Ohana is also working to open a Women’s Health Center, a project that is especially close to her heart.
“I want our residents to be able to get an ultrasound and other basic checks without having to commute long distances,” she said. “We are working to secure the funds. I hope the dream will come true.”
It is crucial that women support women when it comes to their professional and political careers, according to the mayor.
“I can personally say that I speak and try to help several women that are dreaming to be in local politics,” she said. “I'm trying to push them and to share with them my knowledge and experience.”
“I feel that we are responsible for it,” she added. “Women are looking at us and said ‘okay, if you did it, maybe I can do it too’.”
The hardest obstacle to overcome is the fact that in Israel, city council members do not get paid, she said.
“The fact that one needs to volunteer for many years in the city council before becoming mayor is a challenge,” she said. “For a young woman who has her career and a family to think of, putting in many hours as a volunteer to become a politician is a problem. I think the solution is paying city council members as it happens in many countries in the world.”

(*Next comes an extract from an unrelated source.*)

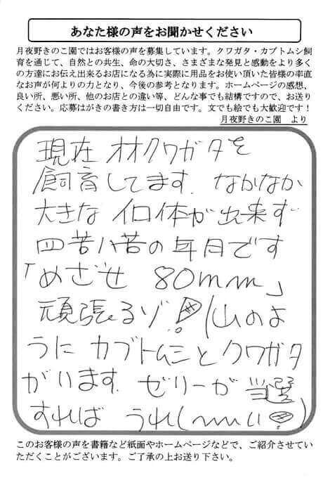 神奈川県 とがり 様 生体 X Facebook はてブ LINE Pinterest コピー 2015.10.17 現在オオクワガタを 飼育してます。なかなか 大きなイロ体が出来ず 四苦八苦の年月です 「めざせ 80mm」 頑張るぞ!(山のよ うにカブトムシとクワガタ がいます。ゼリーが当選 すればうれし~~い!)

However, when in a few months Israelis will be once again called to the polls to vote in local elections, Ohana is confident that the number of femal mayors will significantly grow.
“If we are now 14 women, I believe that after the next election we will be 30,” she said.
Regarding national politics, Ohana believes that women have made very important progress, even though the current governing coalition has a very limited number of females (nine out of 64 seats).
“I believe that it is due to the fact that in this coalition there are more parties whose members live according to a religious lifestyle, but I do not see obstacles for women in national politics,” she said.
Asked if in the future she plans on moving to national politics, Ohana simply answered yes.